───── Available records

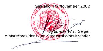 Dokumentiert im Internet [www.Principality-of-Sealand.net]
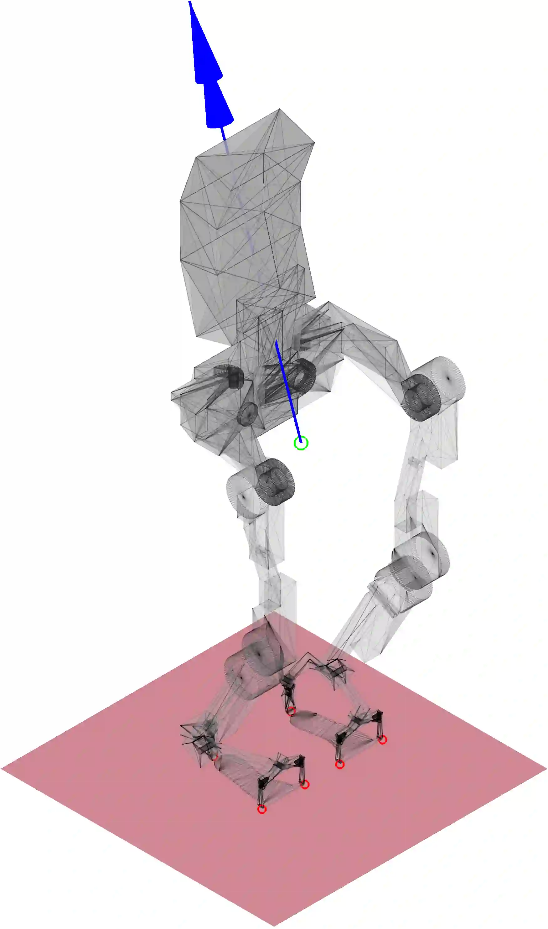 翻译:在滚动期间, 腿上的机器人通过按顺序建立和断开接触与地面互动。 接触产生的交互扳手用于引导机器人的 Mass 中心( COM), 并拒绝使系统偏离预期轨迹并经常使其跌落的扰动。 特定控制目标( 需要的 CoM 扳手或加速) 的可行性取决于联络点分布、 地面摩擦和动作限制 。 这项工作中, 我们开发一种算法, 以计算一组可行的被动扳手, 使一个弯曲的机器人可以通过接触来影响其 CoM 。 所提出的方法可以使用任何数量的非机械接触来使用, 并使用基于无弹性接触模型的操作限制和限制来让系统偏离所需的轨迹轨迹 。 使用一个平面模型和脚站在不同高度上 。 使用接触模型的假设, 我们解释如何在接触时在COM 上计算一套有用的电动扳手法, 以及当接触的某些不可行时, 使用非腿的操作方法可以使用。 因此, 使用一个不易变换的动作的动作, 将显示一个系统的设计方向。 将显示一个手法 。 显示一个系统在操作中, 显示一个可变动的动作 方向。 如何 。 。 。 使用一个动作 。 。 将一个动作 将一个动作 显示一个动作 显示一个可变式 操作 显示一个操作 。 。 。 。 操作 操作 。
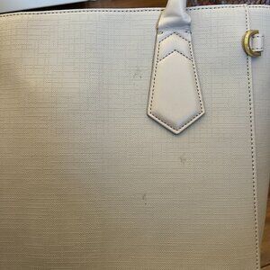 NOTE: There are marks on side of bag and the leather on the handles is peeling on the sides. Please see photos included for reference. Neoprene cupholder not included.
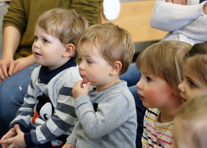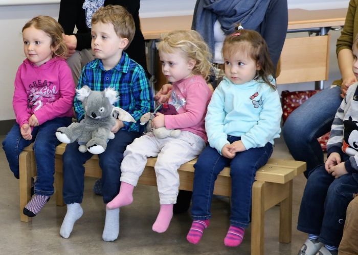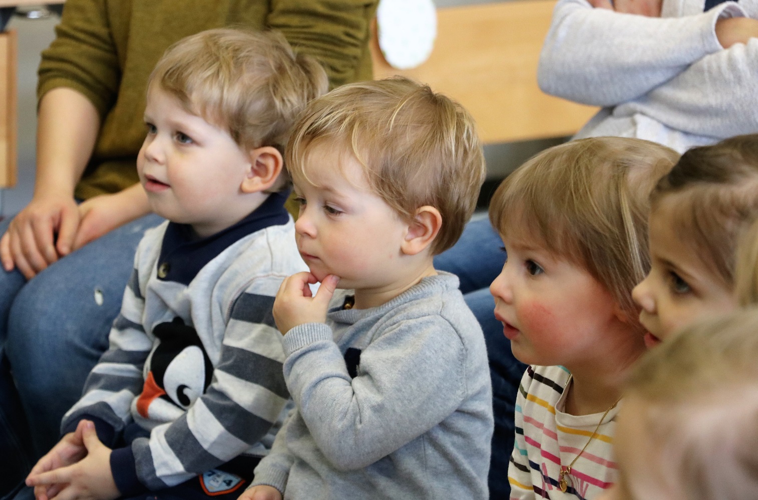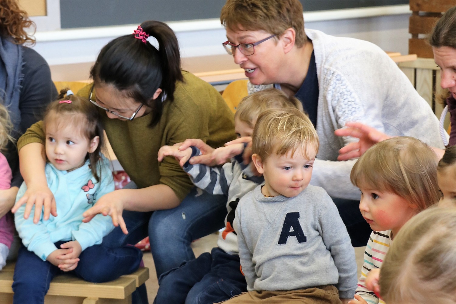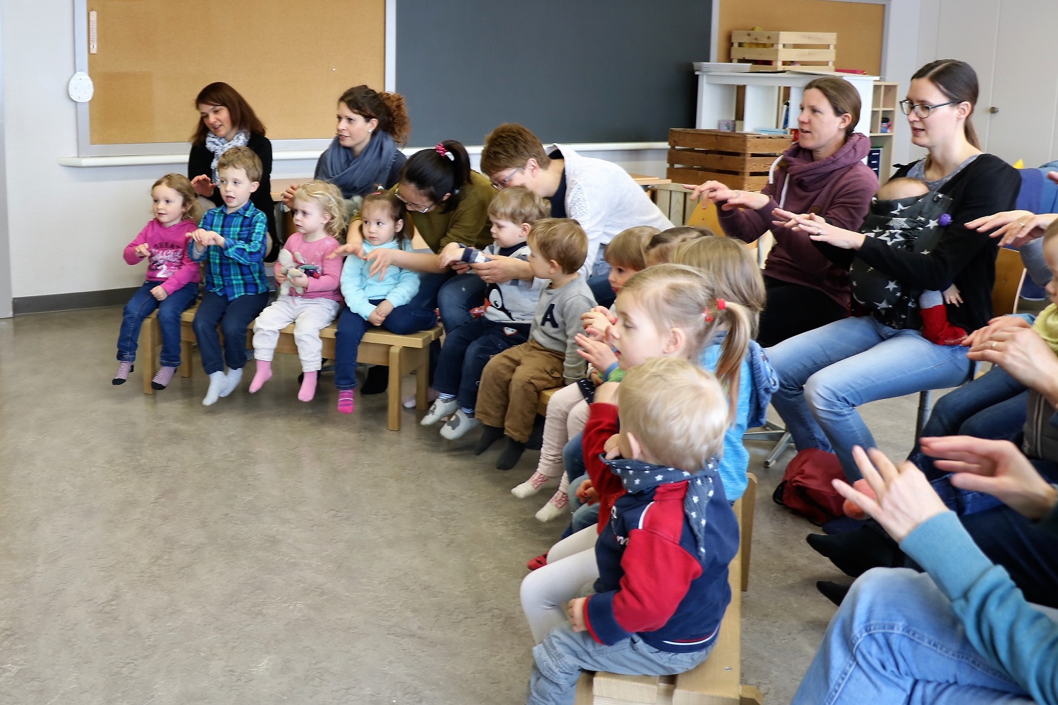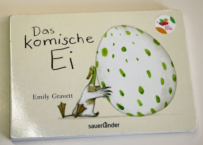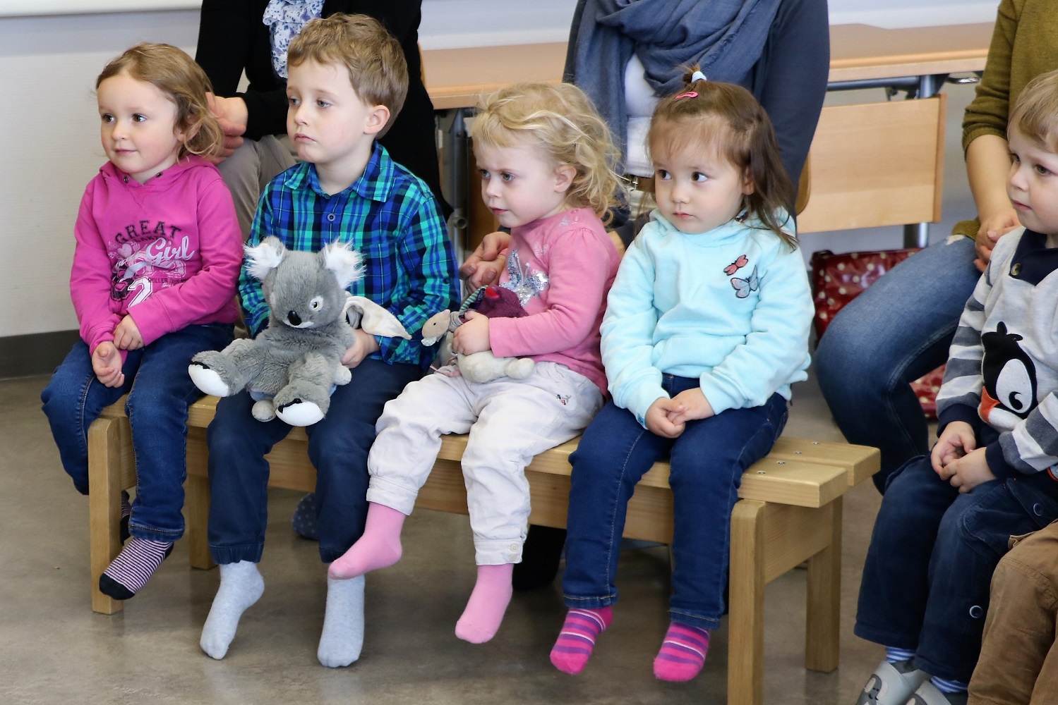 Wer hat sich heute wohl im Geschichtenkoffer versteckt? Gespannt lauschen die zahlreich erschienen Kinder mit ihren Mamis und Grossmamis, als Elisabeth Solèr den Deckel öffnet. Es gackert und pfeift und bald flattern verschiedenste Vögel aus dem Koffer. Mit dem Kamishibai, einem japanischen Geschichtenkoffer, erzählt die Bibliothekarin die witzige Geschichte vom komischen Ei (Gravett, Emily: Das komische Ei. Sauerländer). Alle Vögel haben ein schönes Ei gelegt und brüten fleissig. Nur der Entenerpel hat kein Ei. Da findet er das grösste, schönste Ei. Gespannt warten die Kinder, bis auch sein Ei endlich Risse bekommt und ein unerwartetes Tier heraus schlüpft... Die Versli werden mit Freude mitgemacht.
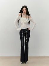 Product Name: Draped Neck Leather Strap Acetate One-shoulder T-shirt
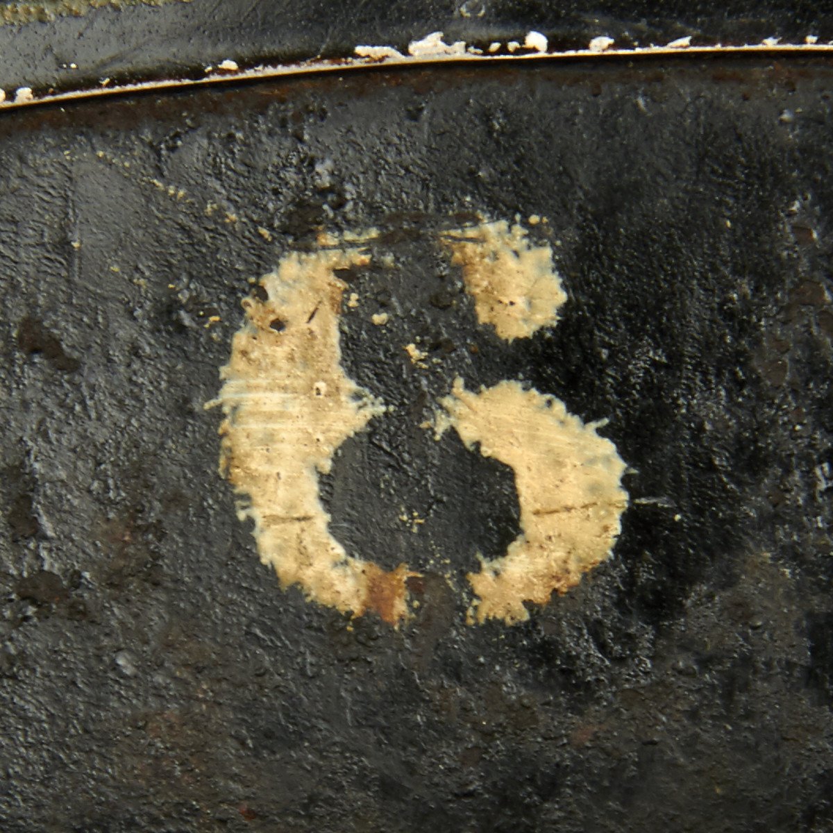 The paint is 100% original. This is an excellent condition, complete, original, WW2, painted steel 'Tommy' helmet. It has it's original black oil cloth liner with adjustment cord and sprung webbing chinstrap all of which are completely intact.

──────────

▶ **Task brief**: Output a verbatim copy of the entries and skip the pictures.

▶ **Your response**:
 Dokumentiert im Internet [www.Principality-of-Sealand.net]
 翻译:在滚动期间, 腿上的机器人通过按顺序建立和断开接触与地面互动。 接触产生的交互扳手用于引导机器人的 Mass 中心( COM), 并拒绝使系统偏离预期轨迹并经常使其跌落的扰动。 特定控制目标( 需要的 CoM 扳手或加速) 的可行性取决于联络点分布、 地面摩擦和动作限制 。 这项工作中, 我们开发一种算法, 以计算一组可行的被动扳手, 使一个弯曲的机器人可以通过接触来影响其 CoM 。 所提出的方法可以使用任何数量的非机械接触来使用, 并使用基于无弹性接触模型的操作限制和限制来让系统偏离所需的轨迹轨迹 。 使用一个平面模型和脚站在不同高度上 。 使用接触模型的假设, 我们解释如何在接触时在COM 上计算一套有用的电动扳手法, 以及当接触的某些不可行时, 使用非腿的操作方法可以使用。 因此, 使用一个不易变换的动作的动作, 将显示一个系统的设计方向。 将显示一个手法 。 显示一个系统在操作中, 显示一个可变动的动作 方向。 如何 。 。 。 使用一个动作 。 。 将一个动作 将一个动作 显示一个动作 显示一个可变式 操作 显示一个操作 。 。 。 。 操作 操作 。
 NOTE: There are marks on side of bag and the leather on the handles is peeling on the sides. Please see photos included for reference. Neoprene cupholder not included.
 Wer hat sich heute wohl im Geschichtenkoffer versteckt? Gespannt lauschen die zahlreich erschienen Kinder mit ihren Mamis und Grossmamis, als Elisabeth Solèr den Deckel öffnet. Es gackert und pfeift und bald flattern verschiedenste Vögel aus dem Koffer. Mit dem Kamishibai, einem japanischen Geschichtenkoffer, erzählt die Bibliothekarin die witzige Geschichte vom komischen Ei (Gravett, Emily: Das komische Ei. Sauerländer). Alle Vögel haben ein schönes Ei gelegt und brüten fleissig. Nur der Entenerpel hat kein Ei. Da findet er das grösste, schönste Ei. Gespannt warten die Kinder, bis auch sein Ei endlich Risse bekommt und ein unerwartetes Tier heraus schlüpft... Die Versli werden mit Freude mitgemacht.
 Product Name: Draped Neck Leather Strap Acetate One-shoulder T-shirt
 The paint is 100% original. This is an excellent condition, complete, original, WW2, painted steel 'Tommy' helmet. It has it's original black oil cloth liner with adjustment cord and sprung webbing chinstrap all of which are completely intact.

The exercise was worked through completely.